Untuk itu, dalam rangka menjaga keberlangsungan pelaksanaan tugas-tugas pencegahan dan pemberantasan korupsi, baik yang berstatus ASN dan yang bukan ASN di KPK, harus bekerja dan bertindak sesuai UU, aturan internal, kebijakan, program dan arahan pimpinan KPK.

Atas dasar tersebut, Emrus menyarankan jika para pihak melihat atau merasa tidak sesuai aturan UU, maka sebagai pegawai yang bekerja di institusi penegak hukum, sebaiknya mereka menyelesaikan masalah tersebut dengan mengedepankan jalur tahapan hukum, daripada berwacana di ruang publik yang berpotensi menimbulkan kegaduhan dan menggaggu sistem kerja di KPK.

“Ini sekaligus memberikan pendidikan hukum kepada masyarakat,” tuturya.
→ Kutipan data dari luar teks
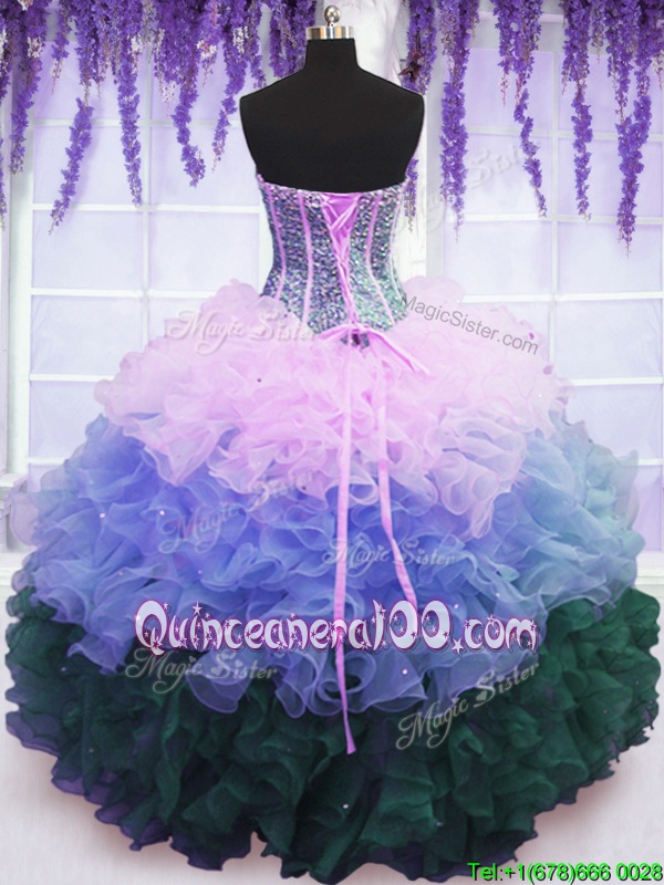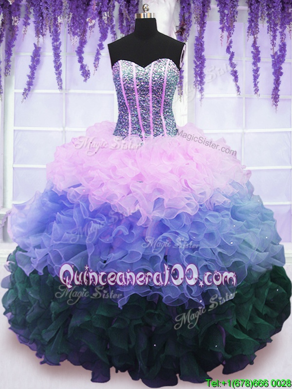 Wonderful Multi-color Sweetheart Lace Up Beading and Ruffles and Ruffled Layers Quince Ball Gowns Sleeveless

Namun di sisi lain, sudah disadari atau tidak oleh kita semua, di KPK ke depan akan ada dua organisasi kepegawaian. Yang satu organisasi formal yaitu Korpri unit KPK yang anggotanya 1.000 orang lebih.

Yang lain, bisa saja tetap bernaung dalam Wadah Pegawai KPK dengan jumlah anggota boleh jadi sangat tidak signifikan dibanding dengan Korpri unit KPK.

“Karena itu,  dari aspek sosiologis, saya berhipotesa ke depan, antara dua kompok ini akan terjadi interaksi yang ‘dinamis’,” tutupnya.